Session:kernel.org development and the embedded world
Event ELC 2008 (Mountain View)
Date April 16 2008
Presenter Andrew Morton
Duration 55 minutes
Andrew will summarize the kernel.org development and decision-making processes. Special focus will be placed upon how they impact the developers of Linux for embedded products, including the economics of using a modern kernel versus staying on a frozen older kernel version, and the economics of maintaining private patchsets versus merging work back into the public kernel. For those who choose to work with the kernel.org team, Andrew will look at how that can most effectively be done. Andrew works with Linus Torvalds and other members of the Linux development community (including open source developers and distribution vendors and industry contributors) to shepherd new features and quality improvements into the Linux kernel.
Andrew has worked at Nortel Networks' R&D labs, and Digeo Interactive, a maker of digital home entertainment products. He is currently employed by Google, working fulltime on the Linux kernel. His long experience with Linux development, and experience in the embedded realm, give Andrew a unique and valuable perspective on the issues facing embedded Liux developers.

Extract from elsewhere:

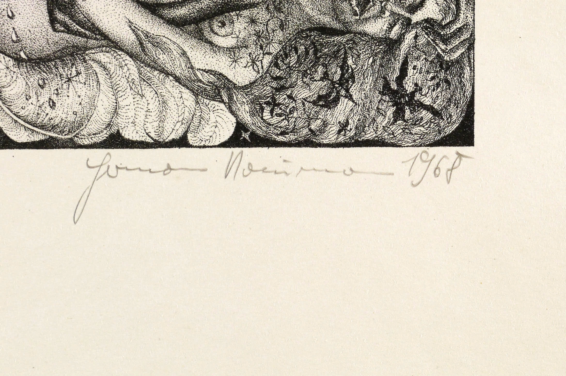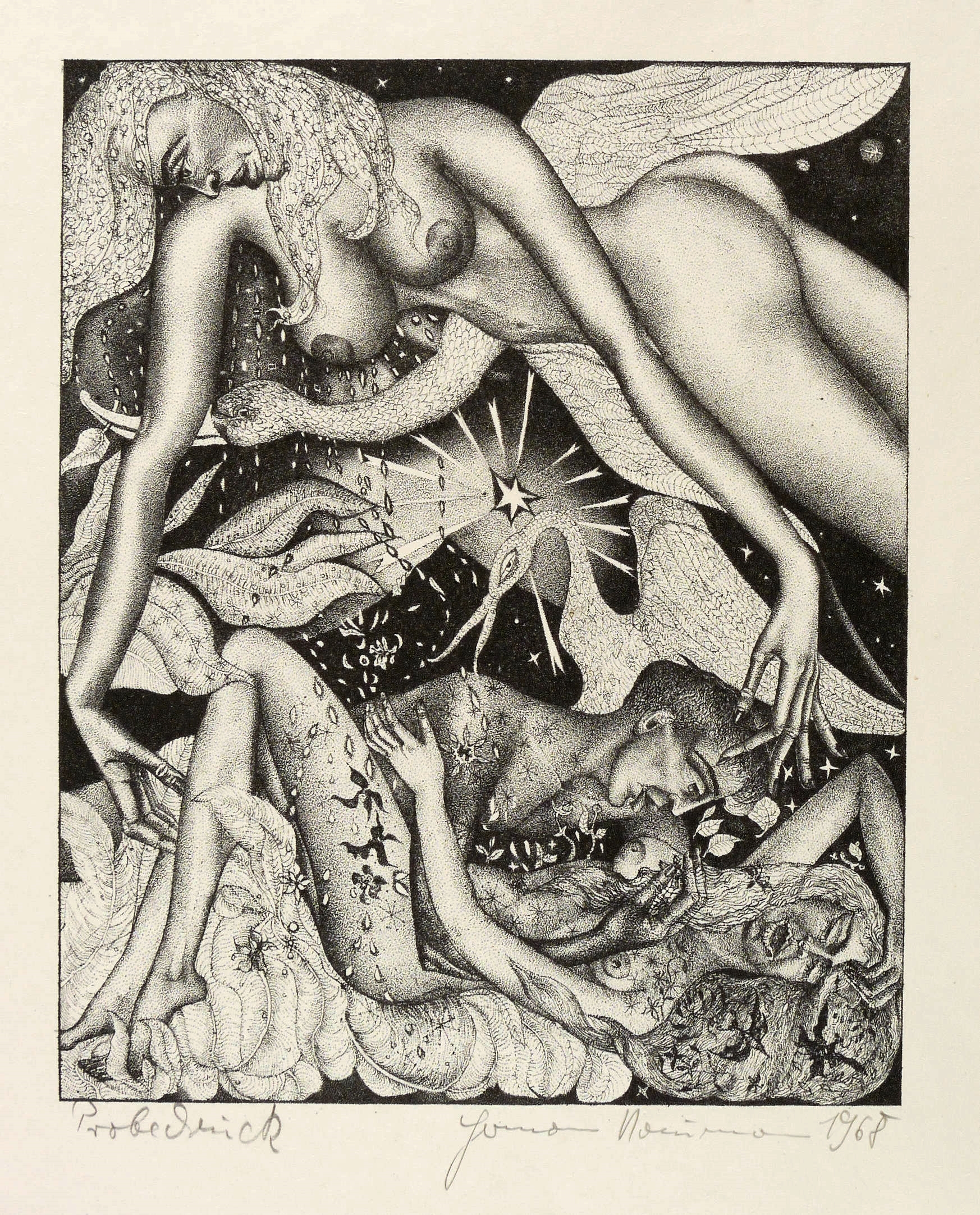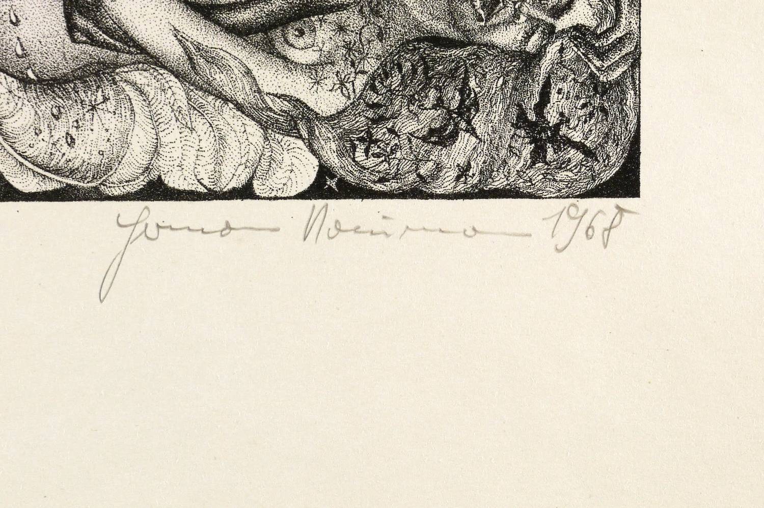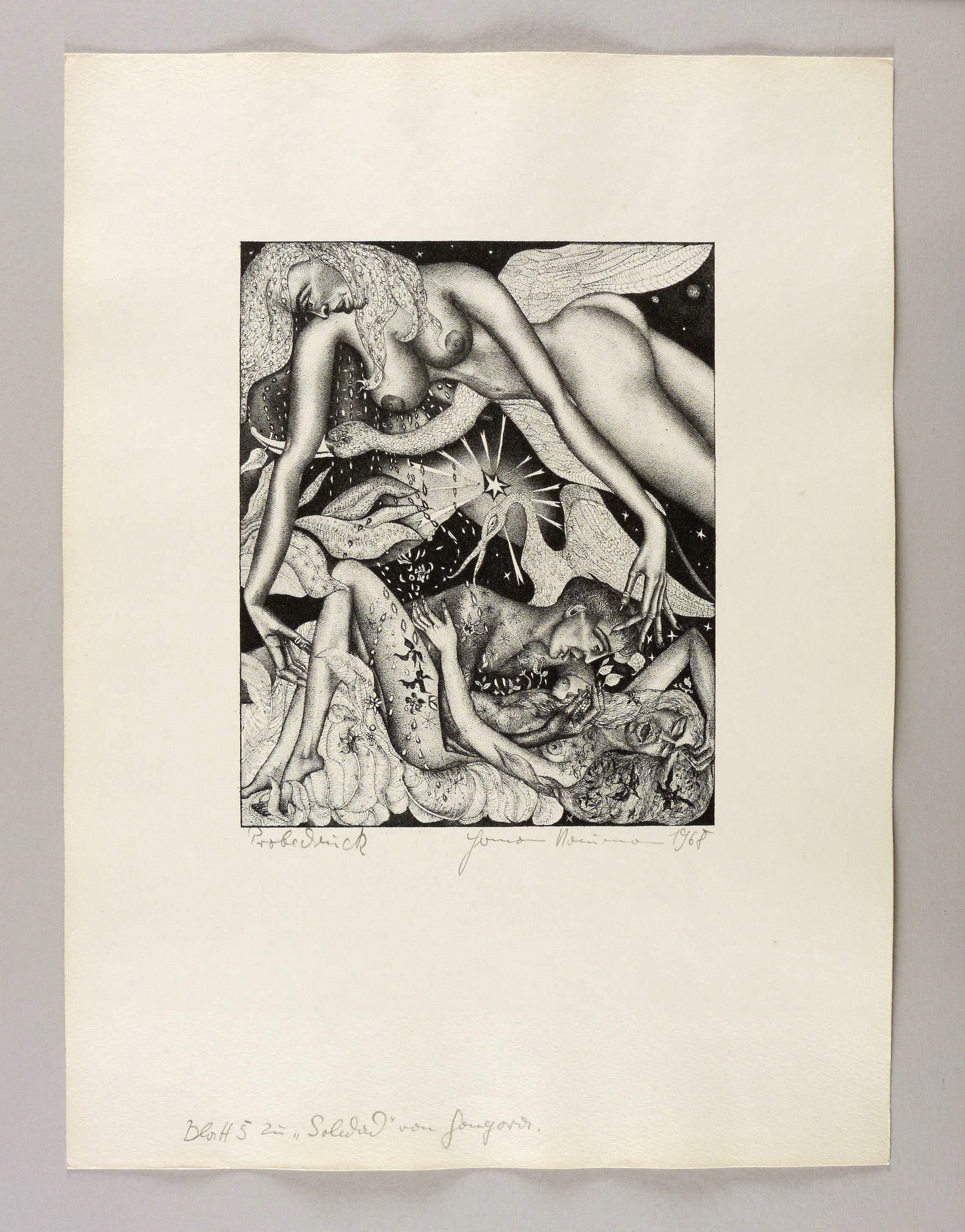 1968. Lithografie / Federlithografie, in Punktiermanier, in Schwarz, auf hartem hellchamois Velin. – Originale Künstlergrafik, von Hermann Naumann. – Probedruck. – 26,4 x 21,4 cm (Darstellung / Druckbild), 50 x 38 cm (Blatt).

Reports on this talk are at: http://lwn.net/Articles/278647/ and http://www.linuxfordevices.com/c/a/News/Linux-kernel-maintainer-calls-for-embedded-specialist/
Transcribed by Tim Bird
Verified by 1 -
0:00 - 1:00:
[Introduction by Tim Bird]
1:00 - 2:00:
2:00 - 3:00:
Thanks, Tim. Yeah I actually go back in embedded a long way. I started my career as a hardware designer and I'm actually an electrical engineer.
3:00 - 4:00:
I used to do a lot of board level design, and do the operating system, the firmware, and the bringup, and device drivers, and all that sort of stuff. And it was sort-of mid-career that I started actually seriously programming these big machines.
Anybody here who was at the Monta Vista conference last year will find what I have to say today eerily familiar. And I'm sorry about that, but it bears repeating. I know my kids need to be told the same thing more than once before they'll do it.
[Slide 1 Overview] So what I was going to talk about today - I'm going to assume that the audience here are people who don't actually work on Linux for Linux' sake, per se. You in fact use Linux as part of developing some other product. It's just a tool which you use to deliver something to your customers.
What I won't be addressing today is the ongoing day-to-day interaction which contributors such as yourselves should make with the kernel.org team.
4:00 - 5:00:
That's the subject of another presentation, that I won't be covering that topic.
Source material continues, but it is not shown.